→ Task item: Only text lines belong in the answer: the lines from the first one in the records through the line with "Polo Ralph Lauren", copied exactly.

→ Task material:
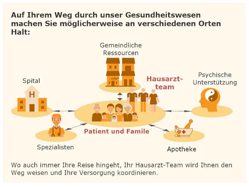 Unsere patientenzentrierte Versorgung stützt sich auf wissenschaftliche Erkenntnisse und eignet sich besonders gut für Hausarztpraxen. Im Schweizer Gesundheitssystem, das auf Grundversorgung baut, lässt sich dieses Modell hervorragend umsetzen.
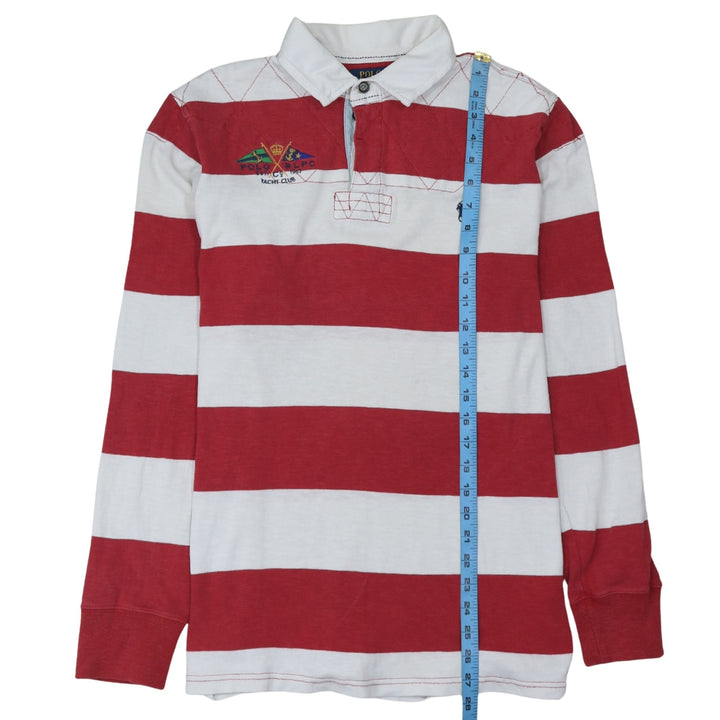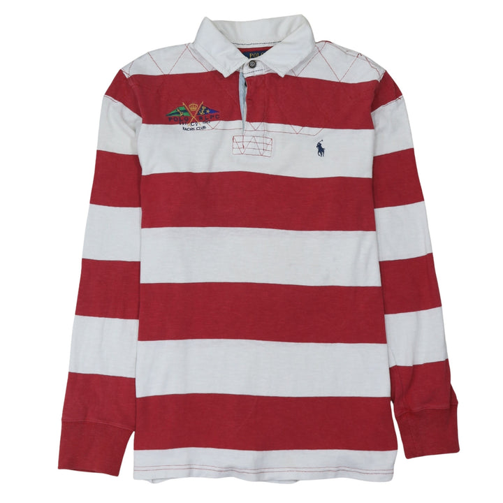 Polo Ralph Lauren Red White Rugby Polo Shirt Women’s Large Embroidered Crest Striped Long Sleeve Top
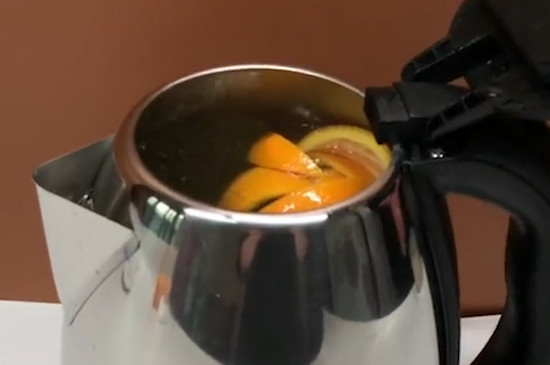 新水壶第一次可以用橘子皮清洗,先在新水壶中放入新鲜的橘子皮,再倒入自来水,放在底座上烧开,随后将橘子皮焖3~4小时,最后倒掉橘子皮水,并用自来水冲洗干净。
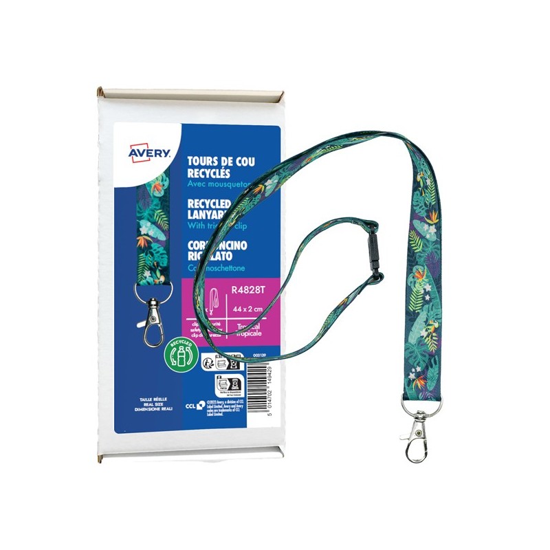 Cordoncino per portabadge - in Rpet - fantasia tropicale - 440 x 20 mm - Avery - Conf. 10 pezzi
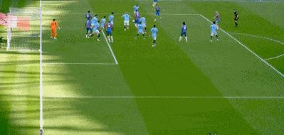 第 14 几分钟后,曼城右边的角球再次被罚到门口,阿坎吉头球后蹭,足球略高于横梁。
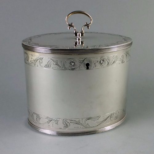 antique engraved silver tacaddy, hallmarked underneath with the town mark of The Hague for 1809.
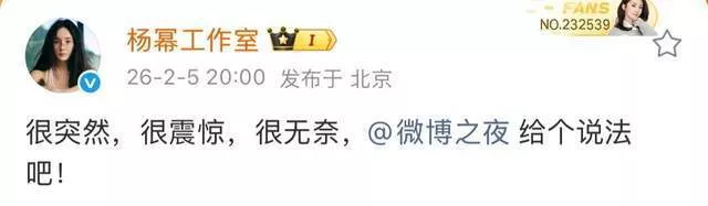 当晚8点,杨幂工作室率先打破沉默,以“很突然,很震惊,很无奈”九字发文,直接@微博之夜官方要求给出说法,该微博一小时内点赞量狂飙145万,粉丝纷纷声援“姐姐无辜背锅”。
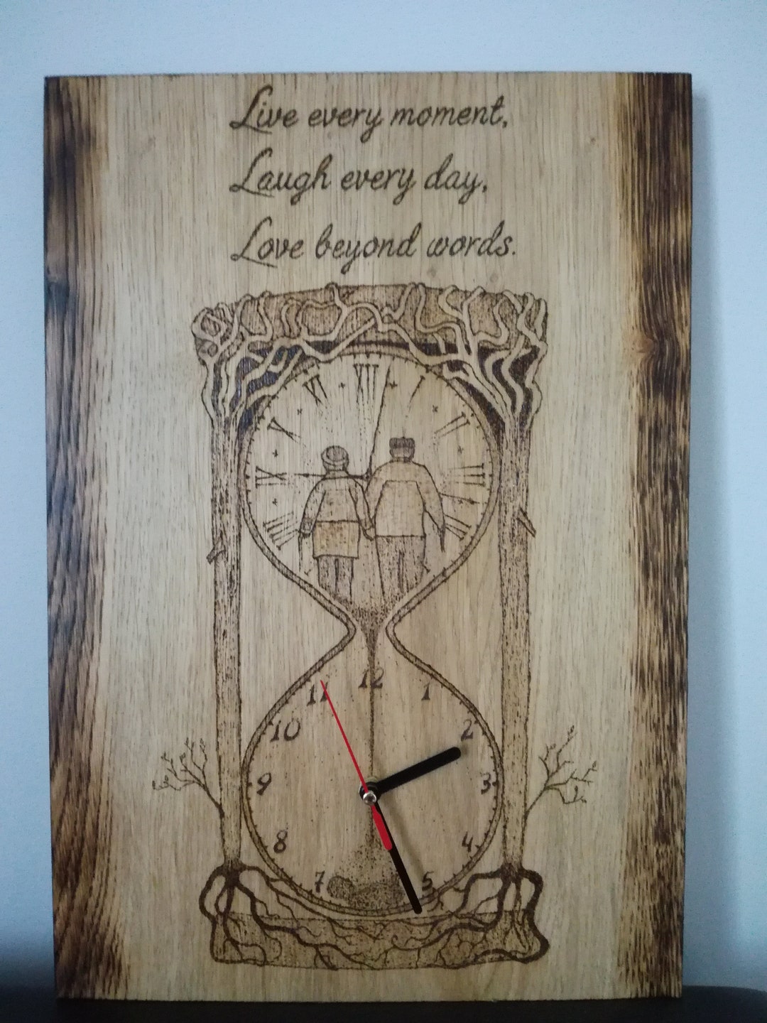 Wood Burned Hourglass Pyrography Wall Clock - Etsy
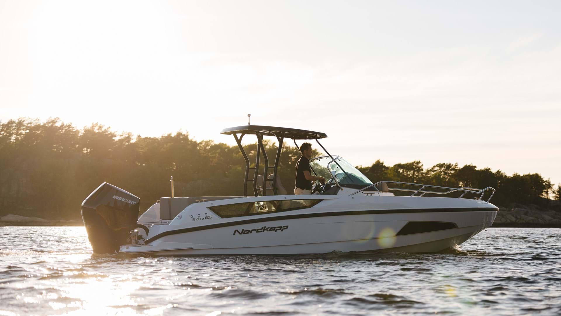 Morgen blir til dag, og solen varmer omgivelsene etterhvert som den stiger på himmelen. Ombord i Enduro 805 T-top sitter man komfortabelt i le fra solen med en forfriskende bris som passerer gjennom båten. Her kunne man vært hele dagen.
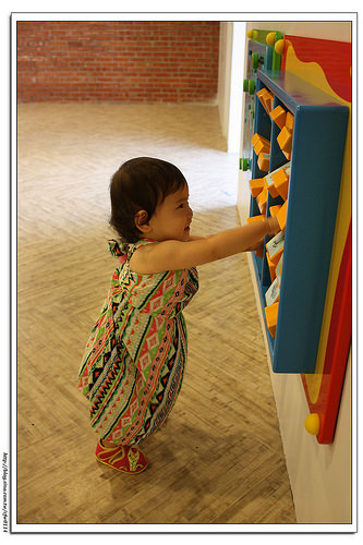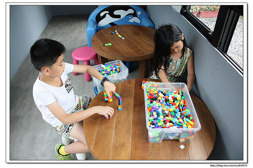 而我們當然要去叮叮車上看一看,叮叮車的一樓是一些小積木玩具區,大概5~8個小孩就會坐滿了,所以我們等其他人走了才來玩耍。
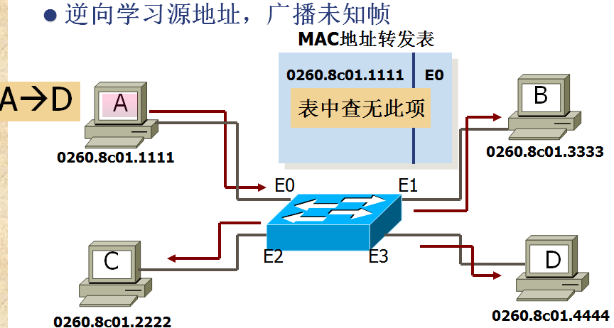 - B1广播数据时,工作站A1,A2和C1都不会收到B1发出的广播信息。
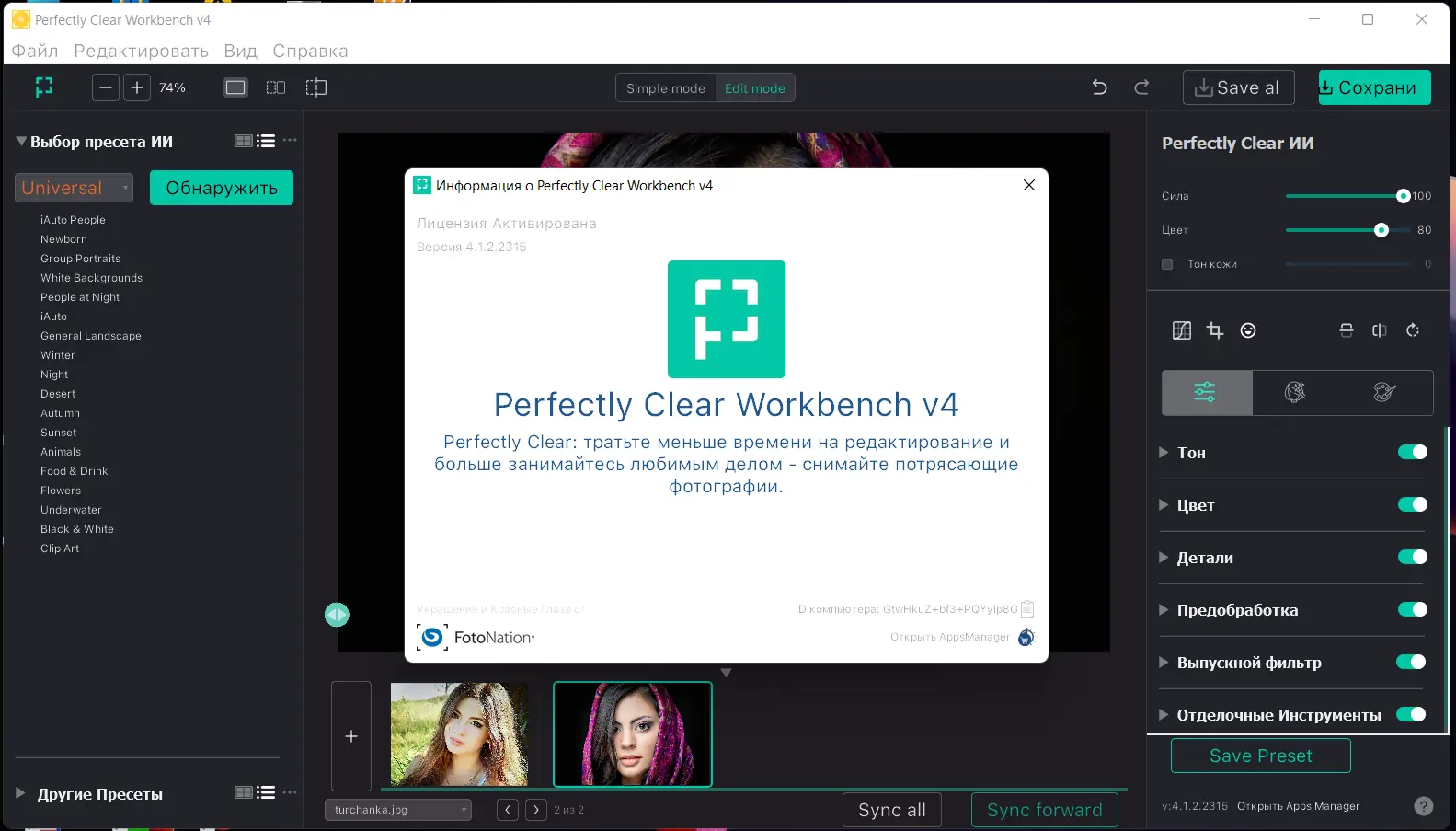Perfectly Clear представляет собой плагин для профессиональной коррекции изображений, основанный на результатах десятилетних научных исследований и более чем десяти запатентованных технологиях обработки. Это не просто фильтр, а комплексное решение, способное анализировать и улучшать фотографии с учётом множества параметров — от баланса белого до тонов кожи на портретах. Программа интегрируется в рабочее пространство графических приложений и работает как в автоматическом, так и в ручном режиме. Её алгоритмы корректируют экспозицию, динамический диапазон, резкость и цветопередачу, устраняя при этом шумы и визуальные искажения. Она подходит как для начинающих, так и для опытных пользователей, которым важна точность и скорость.

→ Expected output:
 Unsere patientenzentrierte Versorgung stützt sich auf wissenschaftliche Erkenntnisse und eignet sich besonders gut für Hausarztpraxen. Im Schweizer Gesundheitssystem, das auf Grundversorgung baut, lässt sich dieses Modell hervorragend umsetzen.
 Polo Ralph Lauren Red White Rugby Polo Shirt Women’s Large Embroidered Crest Striped Long Sleeve Top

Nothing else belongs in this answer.